Exercise prompt: Return every line from the records below that has the word "Μαχά".

Records to process:
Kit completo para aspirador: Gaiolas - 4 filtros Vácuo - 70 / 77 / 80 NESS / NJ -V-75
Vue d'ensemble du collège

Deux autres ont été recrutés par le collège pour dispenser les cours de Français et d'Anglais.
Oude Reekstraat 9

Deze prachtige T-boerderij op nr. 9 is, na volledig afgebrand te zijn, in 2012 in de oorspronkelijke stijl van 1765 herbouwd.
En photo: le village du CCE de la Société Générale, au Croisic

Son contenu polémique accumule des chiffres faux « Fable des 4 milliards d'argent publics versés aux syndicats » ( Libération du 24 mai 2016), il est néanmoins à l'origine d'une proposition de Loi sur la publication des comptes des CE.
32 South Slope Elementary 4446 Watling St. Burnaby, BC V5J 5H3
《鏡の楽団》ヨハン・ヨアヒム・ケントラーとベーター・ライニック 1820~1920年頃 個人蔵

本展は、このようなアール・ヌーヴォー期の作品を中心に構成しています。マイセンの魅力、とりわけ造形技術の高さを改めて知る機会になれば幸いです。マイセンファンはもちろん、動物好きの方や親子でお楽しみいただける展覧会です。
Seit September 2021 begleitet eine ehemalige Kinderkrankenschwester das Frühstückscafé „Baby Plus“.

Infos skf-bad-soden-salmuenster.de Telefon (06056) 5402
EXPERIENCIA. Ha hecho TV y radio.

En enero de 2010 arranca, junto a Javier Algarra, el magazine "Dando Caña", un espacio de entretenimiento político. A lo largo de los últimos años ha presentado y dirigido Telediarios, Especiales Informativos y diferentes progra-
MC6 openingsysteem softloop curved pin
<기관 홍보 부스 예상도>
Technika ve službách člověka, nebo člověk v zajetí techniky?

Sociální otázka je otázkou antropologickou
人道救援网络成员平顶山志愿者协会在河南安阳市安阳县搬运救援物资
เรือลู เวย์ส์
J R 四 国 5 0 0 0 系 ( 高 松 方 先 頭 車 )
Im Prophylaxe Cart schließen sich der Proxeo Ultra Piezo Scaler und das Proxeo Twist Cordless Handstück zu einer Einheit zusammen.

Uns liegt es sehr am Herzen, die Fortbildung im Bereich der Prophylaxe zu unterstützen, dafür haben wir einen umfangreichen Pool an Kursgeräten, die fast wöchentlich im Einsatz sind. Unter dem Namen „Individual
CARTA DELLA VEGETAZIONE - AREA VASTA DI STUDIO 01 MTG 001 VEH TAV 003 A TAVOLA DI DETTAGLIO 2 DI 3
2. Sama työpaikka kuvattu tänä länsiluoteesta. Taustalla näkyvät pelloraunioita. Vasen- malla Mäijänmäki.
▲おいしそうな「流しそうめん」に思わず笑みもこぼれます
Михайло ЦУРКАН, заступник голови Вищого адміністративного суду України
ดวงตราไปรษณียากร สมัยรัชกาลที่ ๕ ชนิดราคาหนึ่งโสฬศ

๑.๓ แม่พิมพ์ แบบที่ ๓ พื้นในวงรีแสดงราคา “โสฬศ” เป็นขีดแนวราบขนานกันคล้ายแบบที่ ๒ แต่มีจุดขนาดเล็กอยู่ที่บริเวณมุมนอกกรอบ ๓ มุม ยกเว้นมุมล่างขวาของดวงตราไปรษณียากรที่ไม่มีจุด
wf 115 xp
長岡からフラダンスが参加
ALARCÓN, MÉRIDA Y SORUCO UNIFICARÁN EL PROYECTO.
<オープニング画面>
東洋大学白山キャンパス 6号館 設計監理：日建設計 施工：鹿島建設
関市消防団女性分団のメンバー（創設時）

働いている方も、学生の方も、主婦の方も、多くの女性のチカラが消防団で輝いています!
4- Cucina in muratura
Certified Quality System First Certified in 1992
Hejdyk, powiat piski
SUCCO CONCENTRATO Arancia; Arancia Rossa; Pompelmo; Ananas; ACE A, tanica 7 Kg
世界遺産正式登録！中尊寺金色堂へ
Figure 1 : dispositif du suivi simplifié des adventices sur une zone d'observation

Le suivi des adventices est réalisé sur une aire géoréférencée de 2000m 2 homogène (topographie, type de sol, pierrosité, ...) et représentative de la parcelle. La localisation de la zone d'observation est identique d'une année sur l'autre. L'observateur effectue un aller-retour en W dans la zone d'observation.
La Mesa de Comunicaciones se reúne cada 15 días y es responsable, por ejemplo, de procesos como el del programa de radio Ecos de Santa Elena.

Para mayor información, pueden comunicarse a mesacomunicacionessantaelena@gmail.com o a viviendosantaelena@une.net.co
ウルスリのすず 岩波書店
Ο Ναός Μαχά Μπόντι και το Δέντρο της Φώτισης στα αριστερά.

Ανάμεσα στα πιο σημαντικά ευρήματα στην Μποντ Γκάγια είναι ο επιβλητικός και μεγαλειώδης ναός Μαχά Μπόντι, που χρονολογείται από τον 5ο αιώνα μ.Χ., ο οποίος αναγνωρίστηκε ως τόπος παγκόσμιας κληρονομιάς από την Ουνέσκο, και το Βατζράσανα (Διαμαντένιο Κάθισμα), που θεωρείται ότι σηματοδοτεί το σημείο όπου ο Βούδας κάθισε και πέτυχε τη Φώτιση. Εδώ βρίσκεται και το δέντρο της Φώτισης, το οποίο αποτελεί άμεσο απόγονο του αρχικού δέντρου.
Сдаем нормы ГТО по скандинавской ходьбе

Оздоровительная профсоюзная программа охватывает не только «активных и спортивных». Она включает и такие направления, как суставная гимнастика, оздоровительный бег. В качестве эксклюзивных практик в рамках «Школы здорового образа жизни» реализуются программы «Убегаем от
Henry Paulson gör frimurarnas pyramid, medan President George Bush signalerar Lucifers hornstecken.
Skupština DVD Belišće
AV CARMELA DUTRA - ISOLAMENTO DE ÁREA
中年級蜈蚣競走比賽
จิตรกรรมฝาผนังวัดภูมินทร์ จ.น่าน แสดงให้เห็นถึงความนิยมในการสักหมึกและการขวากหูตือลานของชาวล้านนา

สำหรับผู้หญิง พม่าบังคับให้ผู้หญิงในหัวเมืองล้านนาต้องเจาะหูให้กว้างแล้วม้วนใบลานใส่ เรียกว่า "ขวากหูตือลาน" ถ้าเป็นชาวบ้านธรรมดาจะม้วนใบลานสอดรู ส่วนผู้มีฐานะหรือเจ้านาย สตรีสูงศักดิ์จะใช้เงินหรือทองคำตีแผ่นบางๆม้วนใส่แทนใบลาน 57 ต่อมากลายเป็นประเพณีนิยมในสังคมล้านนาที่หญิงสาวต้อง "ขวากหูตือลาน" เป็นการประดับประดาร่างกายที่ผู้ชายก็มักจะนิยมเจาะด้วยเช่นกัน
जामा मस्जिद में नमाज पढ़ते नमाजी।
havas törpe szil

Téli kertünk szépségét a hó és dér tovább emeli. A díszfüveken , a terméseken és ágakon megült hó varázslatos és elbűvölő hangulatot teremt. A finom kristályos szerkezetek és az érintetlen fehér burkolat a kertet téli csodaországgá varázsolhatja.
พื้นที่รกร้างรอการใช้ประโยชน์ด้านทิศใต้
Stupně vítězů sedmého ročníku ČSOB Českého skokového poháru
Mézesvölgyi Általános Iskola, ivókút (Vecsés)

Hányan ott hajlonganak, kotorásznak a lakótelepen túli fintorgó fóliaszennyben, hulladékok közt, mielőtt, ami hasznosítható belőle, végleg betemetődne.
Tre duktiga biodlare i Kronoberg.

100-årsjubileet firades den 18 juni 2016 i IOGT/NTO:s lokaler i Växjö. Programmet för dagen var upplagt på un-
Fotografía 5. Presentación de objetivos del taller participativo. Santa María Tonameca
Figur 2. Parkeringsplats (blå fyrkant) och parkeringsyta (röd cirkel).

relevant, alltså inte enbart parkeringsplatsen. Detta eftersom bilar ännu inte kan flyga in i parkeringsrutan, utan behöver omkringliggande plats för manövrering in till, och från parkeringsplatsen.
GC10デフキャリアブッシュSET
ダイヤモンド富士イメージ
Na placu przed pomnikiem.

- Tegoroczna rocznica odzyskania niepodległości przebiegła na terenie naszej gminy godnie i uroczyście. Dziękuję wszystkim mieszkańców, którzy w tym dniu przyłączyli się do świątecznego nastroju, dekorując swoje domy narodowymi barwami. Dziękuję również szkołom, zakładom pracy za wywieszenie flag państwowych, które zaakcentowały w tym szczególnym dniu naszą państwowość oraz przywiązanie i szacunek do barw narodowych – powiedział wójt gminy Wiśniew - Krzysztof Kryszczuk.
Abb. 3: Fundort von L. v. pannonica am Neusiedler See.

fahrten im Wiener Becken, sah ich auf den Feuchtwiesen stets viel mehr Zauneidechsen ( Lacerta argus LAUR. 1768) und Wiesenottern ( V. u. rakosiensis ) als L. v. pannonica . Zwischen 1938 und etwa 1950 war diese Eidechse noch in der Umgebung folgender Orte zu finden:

Response to the task:
Ο Ναός Μαχά Μπόντι και το Δέντρο της Φώτισης στα αριστερά.
Ανάμεσα στα πιο σημαντικά ευρήματα στην Μποντ Γκάγια είναι ο επιβλητικός και μεγαλειώδης ναός Μαχά Μπόντι, που χρονολογείται από τον 5ο αιώνα μ.Χ., ο οποίος αναγνωρίστηκε ως τόπος παγκόσμιας κληρονομιάς από την Ουνέσκο, και το Βατζράσανα (Διαμαντένιο Κάθισμα), που θεωρείται ότι σηματοδοτεί το σημείο όπου ο Βούδας κάθισε και πέτυχε τη Φώτιση. Εδώ βρίσκεται και το δέντρο της Φώτισης, το οποίο αποτελεί άμεσο απόγονο του αρχικού δέντρου.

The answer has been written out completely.